▶ Records provided
—————

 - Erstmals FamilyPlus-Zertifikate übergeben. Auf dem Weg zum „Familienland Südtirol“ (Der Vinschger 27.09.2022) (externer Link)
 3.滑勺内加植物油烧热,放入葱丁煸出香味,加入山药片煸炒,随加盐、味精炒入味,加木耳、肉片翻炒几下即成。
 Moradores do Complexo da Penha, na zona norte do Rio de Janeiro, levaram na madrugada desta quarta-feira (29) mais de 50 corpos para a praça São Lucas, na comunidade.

—————

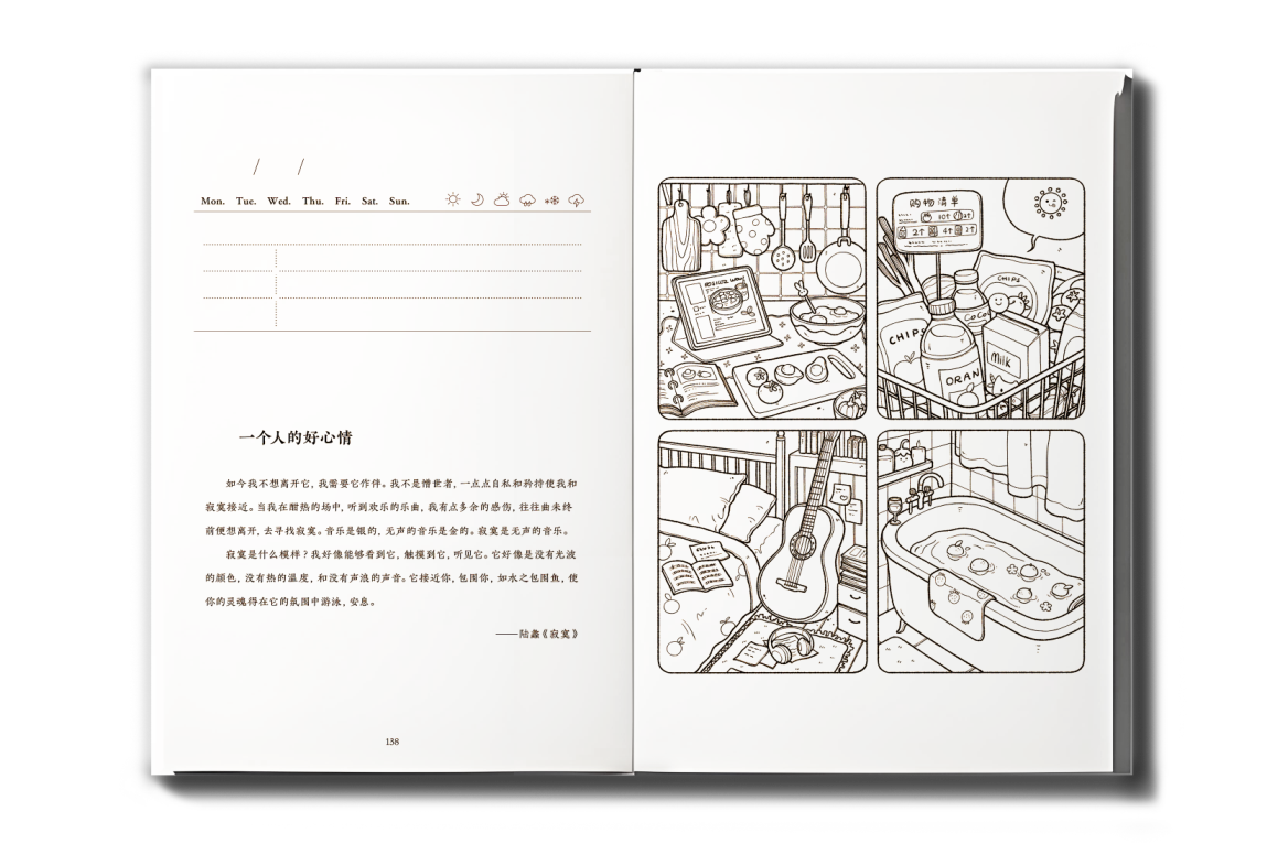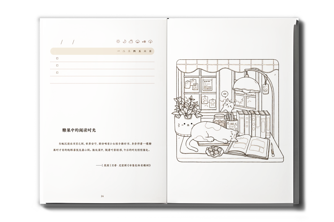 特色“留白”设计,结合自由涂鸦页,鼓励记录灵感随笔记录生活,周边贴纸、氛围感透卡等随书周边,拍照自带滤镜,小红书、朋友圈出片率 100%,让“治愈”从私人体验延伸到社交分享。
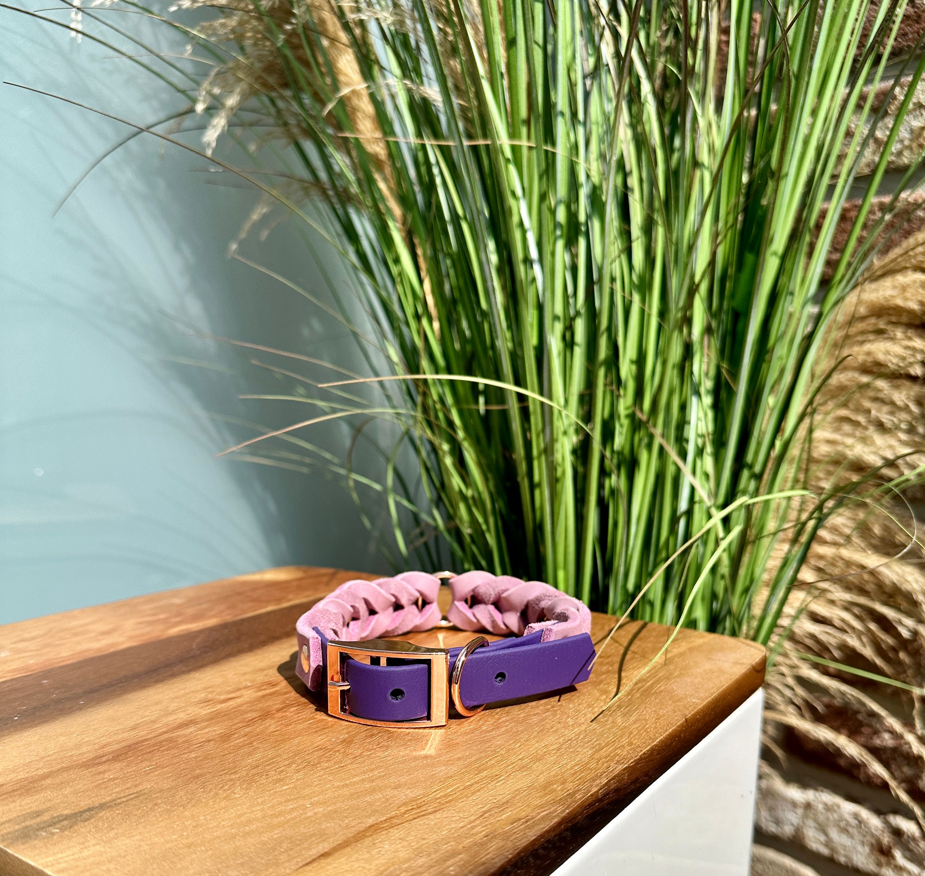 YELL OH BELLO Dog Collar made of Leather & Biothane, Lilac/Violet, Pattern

—————

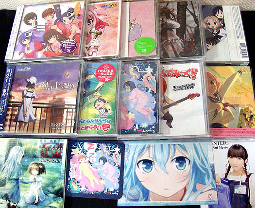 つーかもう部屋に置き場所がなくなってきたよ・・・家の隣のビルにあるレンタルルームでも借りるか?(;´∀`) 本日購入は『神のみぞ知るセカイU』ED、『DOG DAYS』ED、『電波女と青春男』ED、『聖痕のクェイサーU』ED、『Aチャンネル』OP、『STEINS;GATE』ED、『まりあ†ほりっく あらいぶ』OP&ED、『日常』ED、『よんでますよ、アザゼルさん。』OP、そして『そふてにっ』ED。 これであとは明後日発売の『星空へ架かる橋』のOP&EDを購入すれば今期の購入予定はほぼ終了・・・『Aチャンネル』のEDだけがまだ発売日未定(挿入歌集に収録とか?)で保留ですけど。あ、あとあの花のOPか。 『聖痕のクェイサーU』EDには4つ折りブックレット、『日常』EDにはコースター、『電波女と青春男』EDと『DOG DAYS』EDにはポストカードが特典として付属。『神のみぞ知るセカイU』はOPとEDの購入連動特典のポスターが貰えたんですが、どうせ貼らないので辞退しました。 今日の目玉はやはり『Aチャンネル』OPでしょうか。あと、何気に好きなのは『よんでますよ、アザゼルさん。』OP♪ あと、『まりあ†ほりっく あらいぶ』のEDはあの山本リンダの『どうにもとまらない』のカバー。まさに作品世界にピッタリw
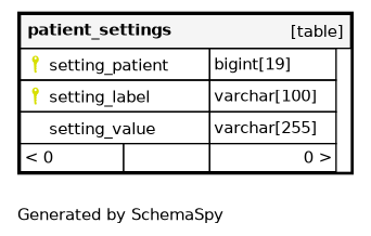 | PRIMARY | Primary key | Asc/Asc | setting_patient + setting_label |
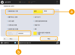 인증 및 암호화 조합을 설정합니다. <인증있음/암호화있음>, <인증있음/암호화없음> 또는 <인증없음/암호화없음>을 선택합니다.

—————

▶ Your instructions
All that belongs in your answer is the stretch of entries above from the line with "- Erstmals FamilyPlus-Zertifikate" through the line with "Moradores do Complexo", printed exactly.

▶ Solution to the exercise
 - Erstmals FamilyPlus-Zertifikate übergeben. Auf dem Weg zum „Familienland Südtirol“ (Der Vinschger 27.09.2022) (externer Link)
 3.滑勺内加植物油烧热,放入葱丁煸出香味,加入山药片煸炒,随加盐、味精炒入味,加木耳、肉片翻炒几下即成。
 Moradores do Complexo da Penha, na zona norte do Rio de Janeiro, levaram na madrugada desta quarta-feira (29) mais de 50 corpos para a praça São Lucas, na comunidade.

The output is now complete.